Thalassaemia International Federation
Thalassaemia International Federation would like to stress, the huge unmet need of equal access to medicines and vaccines, for all patients with thalassemia and other hemoglobinopathies.
Given the absence of national registries, the numbers of patients in each country are underestimated, which means that policy and budgeting are not based on true needs. In addition, an estimated 60,000 new affected births are added each year due to the absence of any plan for prevention. Life-long regular red-cell transfusions and iron chelation, along with multidisciplinary care have dramatically improved patients’ survival over the decades, transforming thalassemia from a fatal pediatric disease to a chronic condition. At the same time, long survival in some settings increases the numbers of patients needing treatment. Out-of-pocket expenses are the rule in most countries.
According to estimates, less than 12% of children born with thalassemia worldwide are regularly transfused and only 40% of them receive proper iron chelation.
Additionally, because of frequent transfusions, thalassemia patients are at high risk of blood-borne infections, including hepatitis, which also add to the need for medication with antiviral drugs.

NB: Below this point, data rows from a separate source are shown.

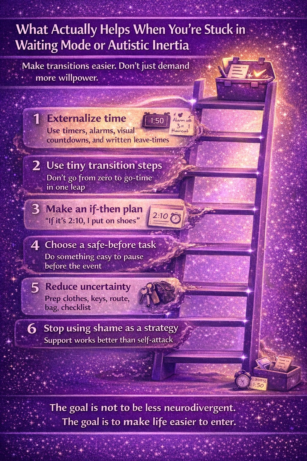 Do not expect yourself to go from deep rest to full motion in one dramatic cinematic leap. Give yourself a runway: first warning, second warning, prep step, exit step. For autistic and AuDHD brains, reducing uncertainty and making transitions more predictable can lower the nervous-system cost.
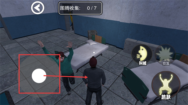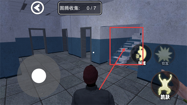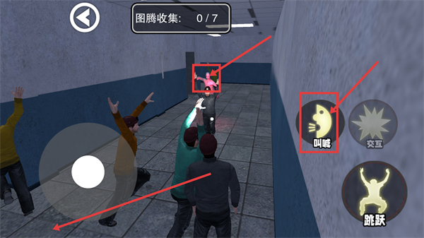 1、在当前场景中,利用移动按钮操控角色,留意【图腾收集-0/7】进度,借助【叫喊】【交互】【跳跃】功能推进图腾收集进程。
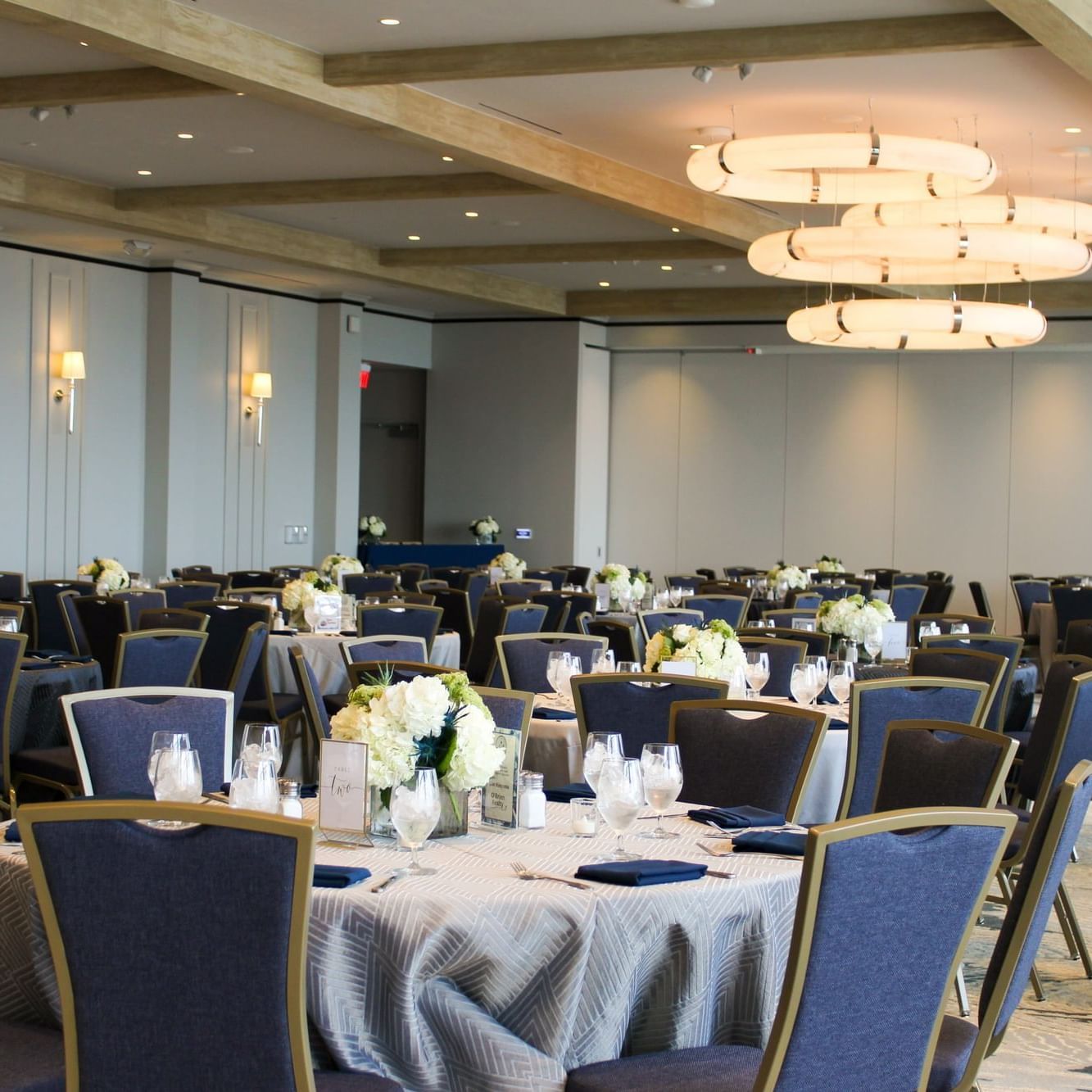 Elevate your next event in a versatile, light-filled space overlooking the scenic Chesapeake Bay. Designed to accommodate a variety of occasions—from corporate meetings and conferences to receptions and milestone celebrations—this modern venue offers flexible layout options to suit your needs. Floor-to-ceiling windows illumuminate the room in natural light while providing breathtaking views of the water, creating an unforgettable backdrop. The space can also be seamlessly divided into two separate rooms, making it ideal for both large and smaller, more private gatherings.
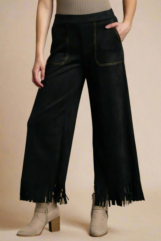 Black Vegan Suede Wide Leg Pants Fringe Hem
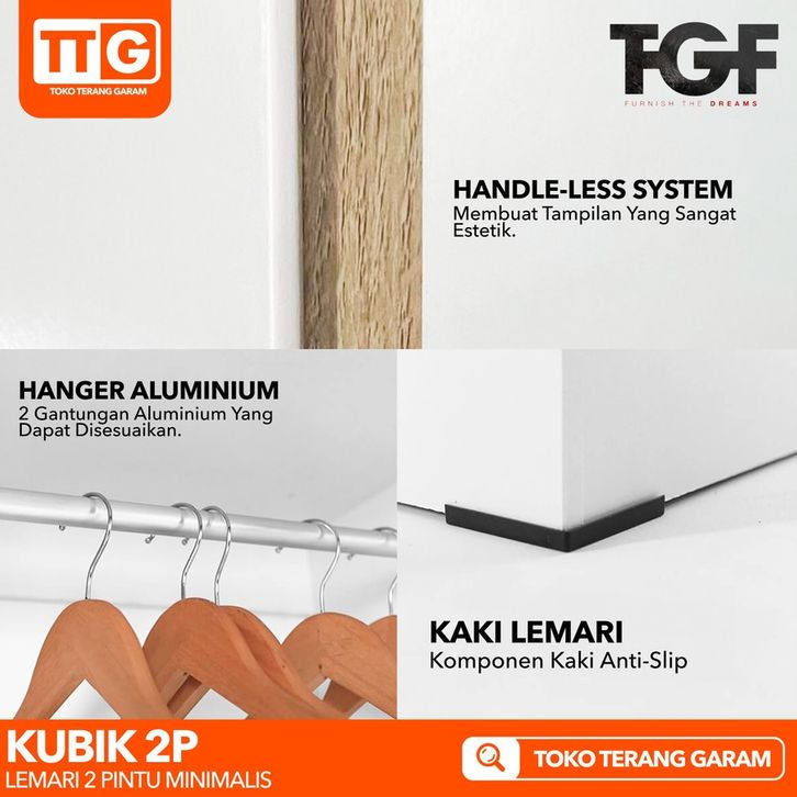 TGF Lemari Pakaian / Baju 2 Pintu Minimalis 2 Gantungan Gamis KUBIK 2P
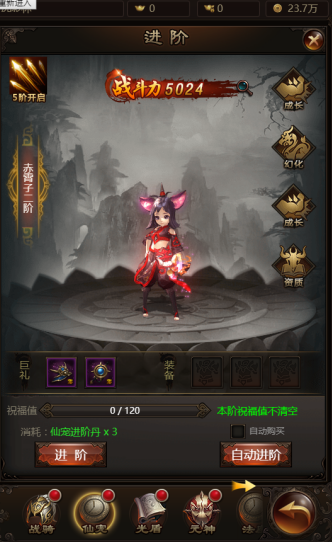 • 仙宠进阶:使用进阶丹提升祝福值,祝福值达到目标值可以进阶。每次进阶可以改变仙宠外形,并提升玩家大量的属性;
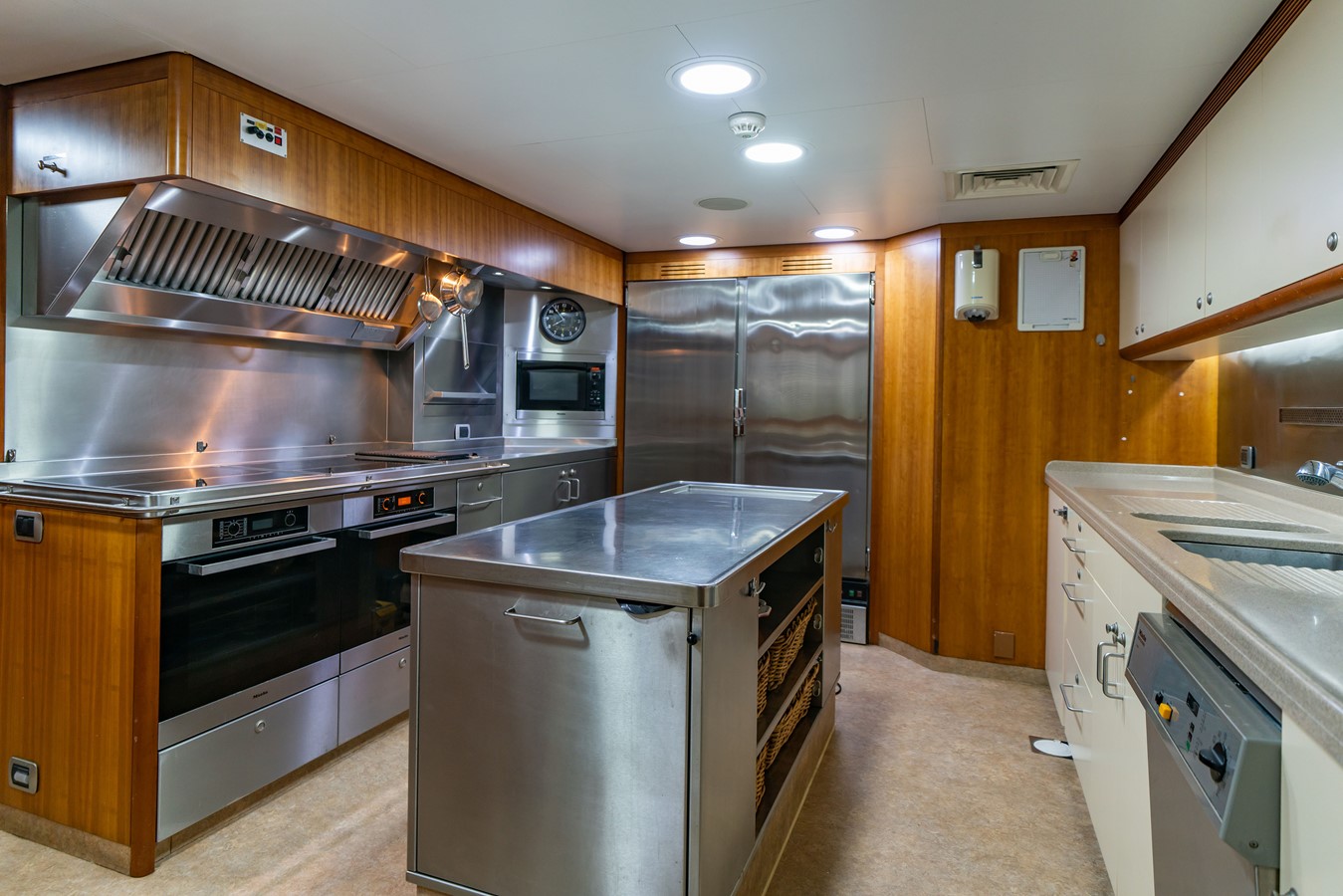 The main deck accommodates the main lounge, the dining room aft, the galley and lastly the owner's suite, while the upper deck hosts the TV saloon and the captain’s stateroom, an office and her pilothouse.
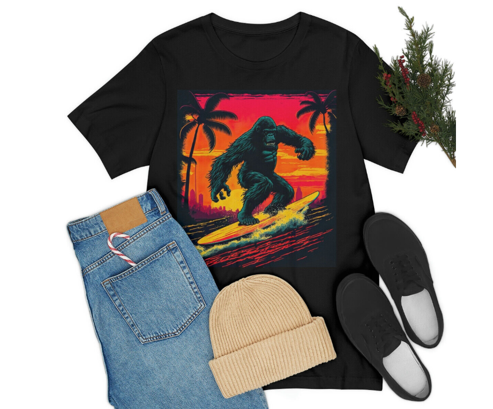 SURFING GORILLA Unisex Short Sleeve SURF Tee T-Shirt Beach Surfer Retro Vintage

Through this statement, we would like to urge Member States to:
ENSURE that all patients have access to quality medicines for iron chelation and treatment of hepatitis C, including all relevant vaccines;
ADVOCATE for the adoption by the pharmaceutical industry of the WHO fair-pricing approach to guarantee all patients’ access to affordable quality iron chelators and antiviral drugs;
DEVELOP synergies to increase negotiating power for procuring medicines;
ENCOURAGE the production and procurement of safe and effective generic medicines.
Finally, we would like to reiterate our firm commitment to support all WHO efforts in increasing access to medicines.